Published online by Cambridge University Press: 05 June 2012
Introduction
Burke's first extended publication has baffled commentators over two centuries. For Thomas Burgh it was a juvenile squib. To William Godwin, who exploited its material for his own ends, it was ‘a treatise in which the evils of the existing political institutions are displayed … while the intention of the author was to show that these evils were to be considered as trivial’, whilst to Lord Wedgwood it offered ‘arguments against authority’. To the less engaged mind of Sir George Clark it was ‘an ironical book which still puzzles commentators who try to interpret its purpose’. The work, viewed by itself, is evidently not easy to interpret.

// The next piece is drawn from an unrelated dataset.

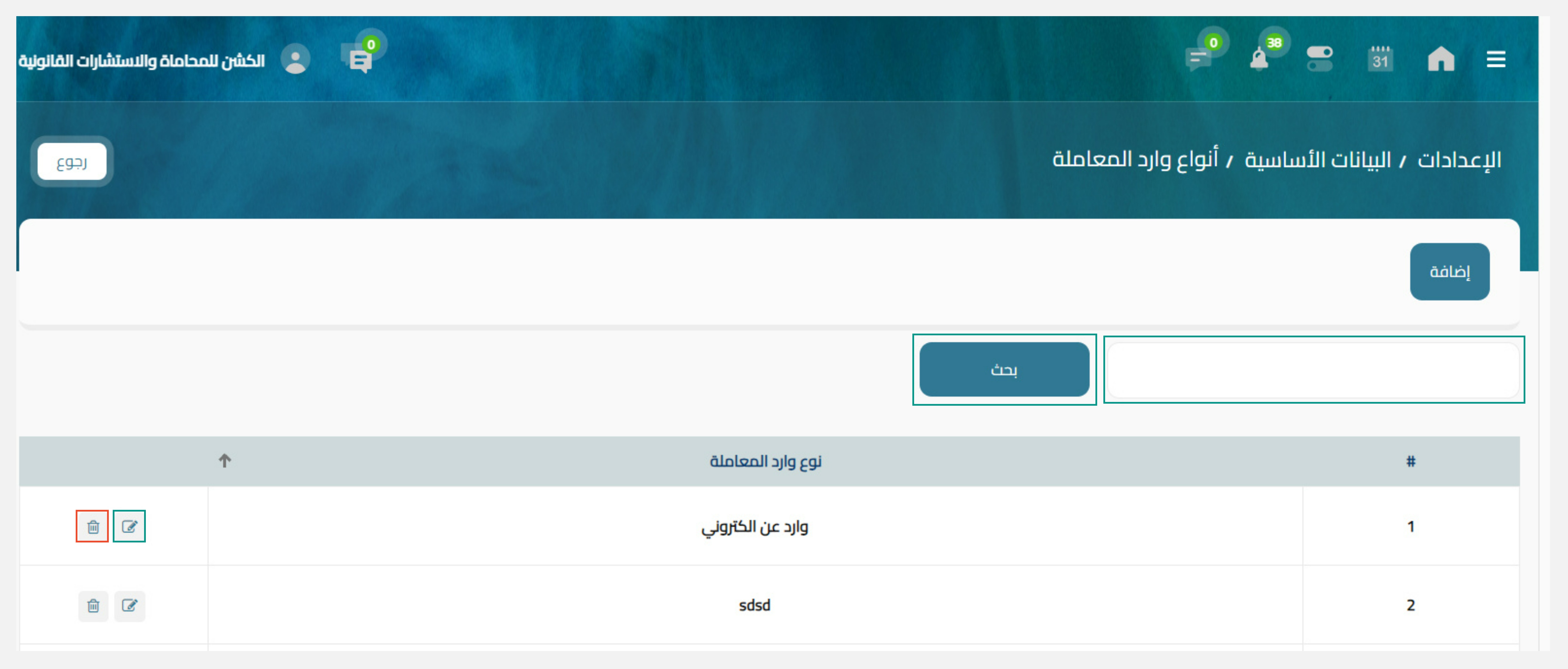- البحث: بحيث يُمكنك البحث عن نوع وارد معاملة معين عن طريق البحث بالأسم ثم الضغط على زرالبحث ليتم عرض النتائج.

Its purpose is more readily intelligible if we recollect Burke's position on religion and society. Deism, which he had rejected, suggested that revelation was inessential to the divine economy because its benefits were confined to a limited section of mankind. If we set this objection in a general form we have: any state of affairs whose goods are distributed irregularly lacks a properly divine warrant. A Vindication applies the formula to the social order. In particular it suggests that political and social hierarchy – in the language of the piece Subordination – was responsible for man's ills.
Burke's argument is usually described as whimsical or ironical. It focusses upon the reductio ad absurdum of a single assumption, namely the sufficiency of nature. Deism suggested that man's natural faculties sufficed for his salvation and that revelation was superfluous or, indeed, an opportunity for evil.